No you won’t answer it because it highlights the complexity of the issue which you want to pretend doesn’t exist.

If you won’t answer the first question, based on your last comment, do you support late term abortions through to birth?

If so, why? If not, why not?

As for your question, I’ve specifically said I’m not trying to impose my belief on anyone as I fully accept the complexity of the issue.

Let me put it simply, so even you can understand. I have no position on abortion per se. Rather I am pro-choice – i.e. letting a woman have control over her own body. That’s not complex – it’s called freedom of choice. Move on.

Thank you for your services Marie Stopes.

Why don’t they just offer after pay if payment is an issue.

Bringing a child to birth and raising it is not free. Even by the time of birth, and particularly in the case of a first child, many hundreds of dollars will have been spent attending pre-natal courses, purchasing nappies and clothes in anticipation, buying prams and cots. Then there’s the costs of raising the child. So would someone please explain to me why in the ACT killing the child in the womb should be free to the customer and paid for from the Territory’s taxes? And why the ACT’s own dedicated killing factory, the MSI (i.e., Marie Stopes International) centre, and its personnel, should be celebrated here in the online RiotAct as if the service being provided was life-sustaining, harmless, and morally unobjectionable instead of the opposite?

Bob the impala5:18 pm 20 Apr 23

Sure, I’ll explain Colin Jory; your assumptions are wrong, because you ignore entirely the welfare of the only person whose decision it is: the woman.

@Colin Jory
Because it’s a medical procedure.

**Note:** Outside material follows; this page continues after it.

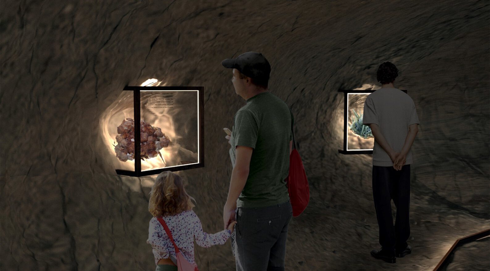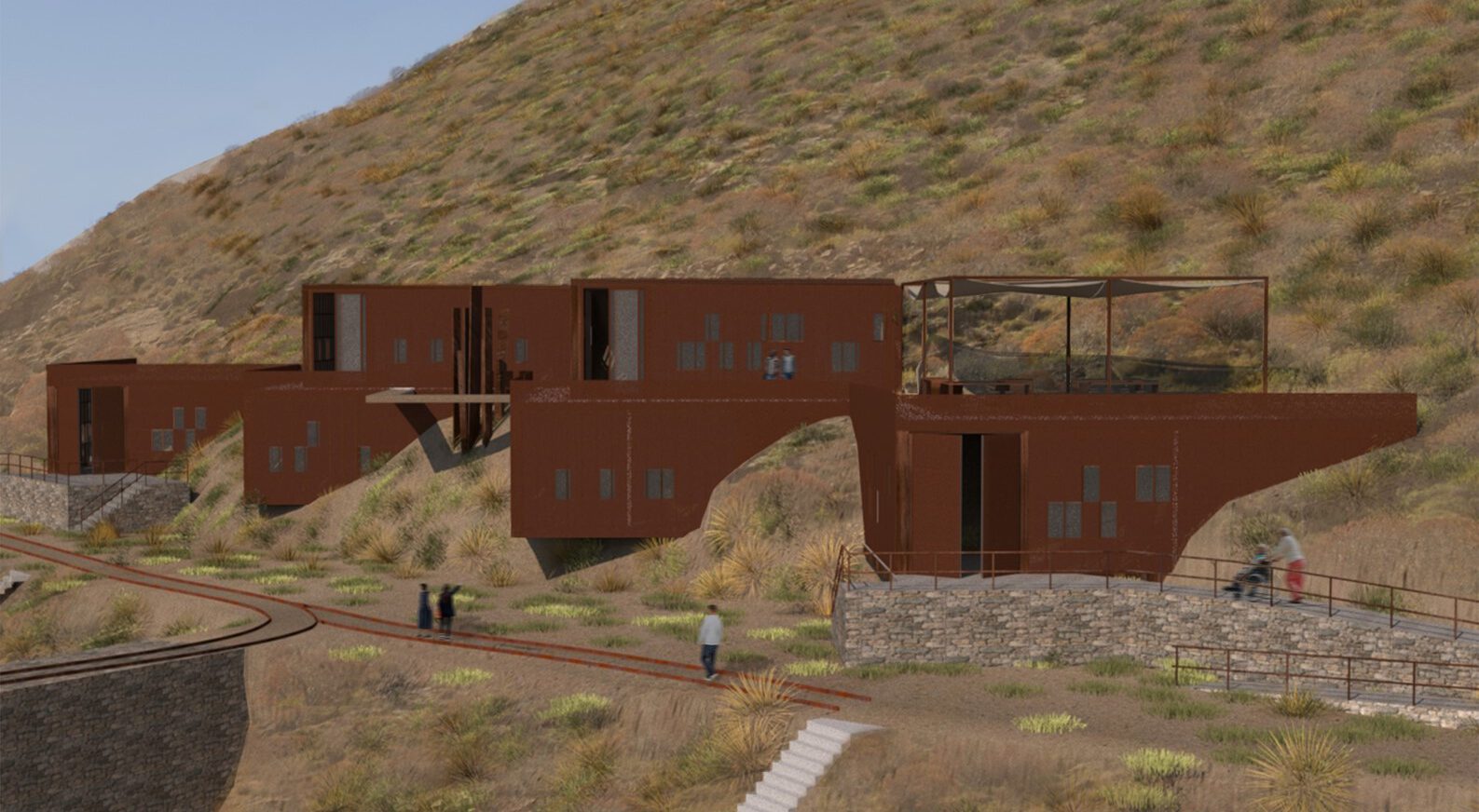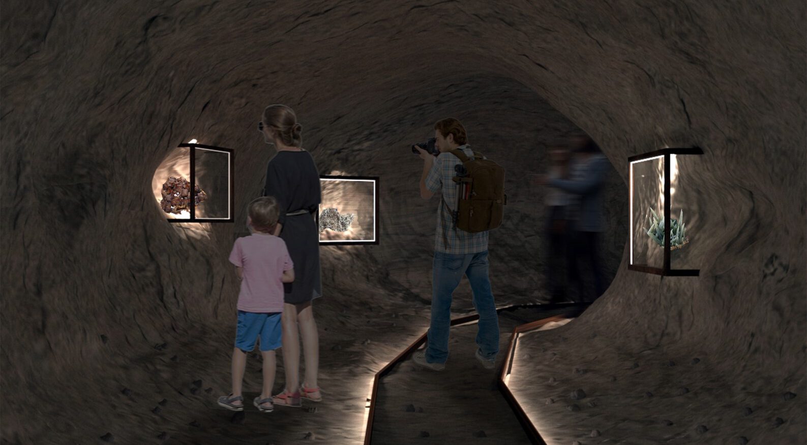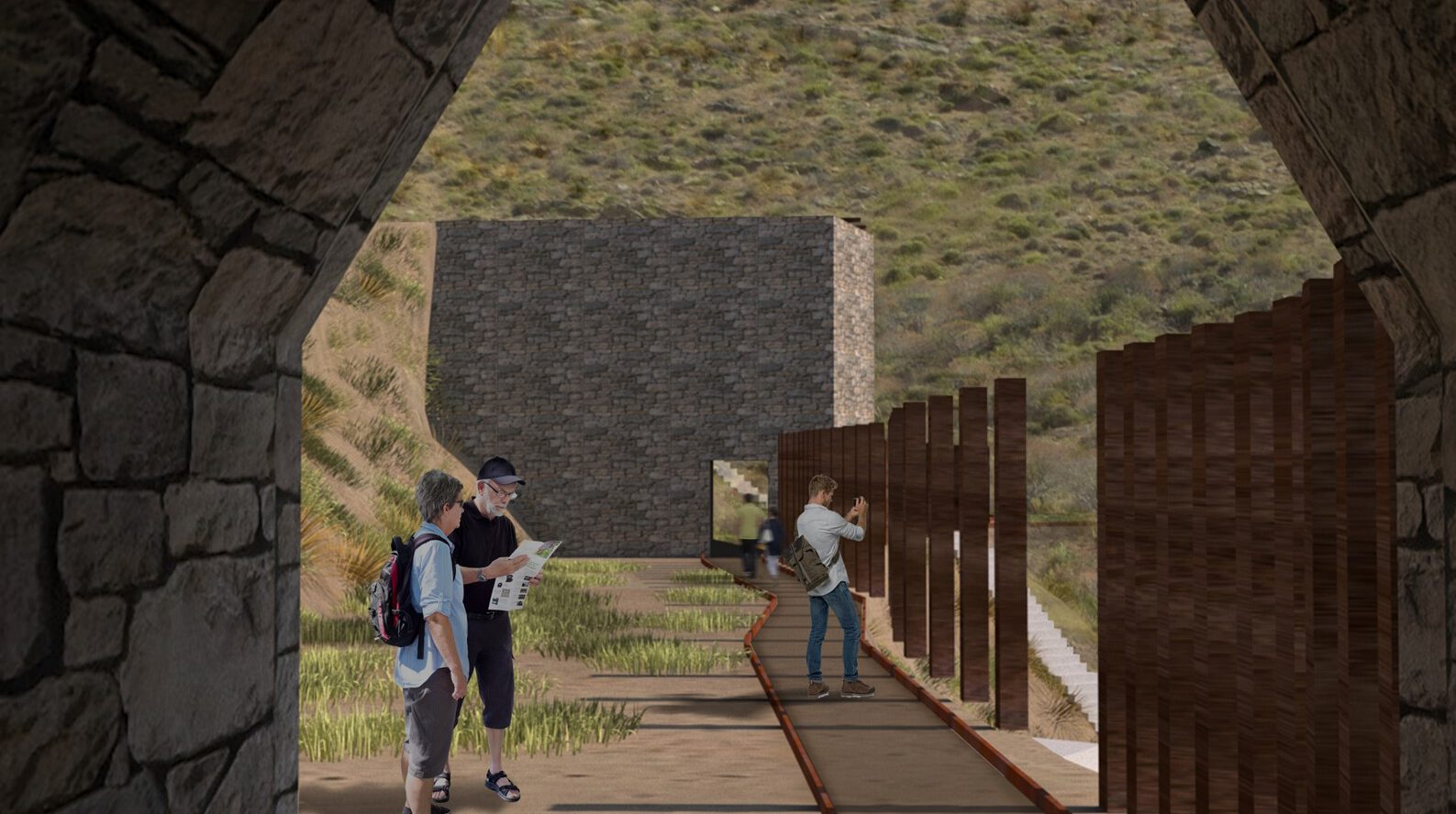 The second route, located at the same level, guides the visitor through paths and viewing stops. Along the route, there are stops along the way, the three pavilions, which are an architectural translation of the local mythology. The third route is located 19 meters above sea level and leads to the cave where metal and precious stones were mined, the experience is enriched by sound stimuli simulating the operation of the mines. The fourth route is located 27 meters above sea level, and leads to the main entrance of the museum commemorating the mining period.

A lot of the costs associated with pregnany and giving birth, are also covered.
Fortunately, Medicare doesn’t use religious dogma as one of the criteria for assessing medical claims.

Well said… An unwanted child is not a child who should be forced apon a woman, society or life.

Because a wanted child is paid for without objection. an unwanted child suffers immeasural pain for all of it’s life and is most likely not well cared for, and definately not protected financially!

Come back when this affects your womb Colin.

Same reason why I don’t consider I ate 3 whole chickens this morning, most people simply reject your view that fetus is a baby just like an egg isn’t a chicken.

You can use inflammatory language all you want, it’s not going to work – a fetus isn’t a baby.

I presume that means that wealthy women can now get a termination free of charge while pensioners still have to pay for essential elective surgery. Sounds completely fair.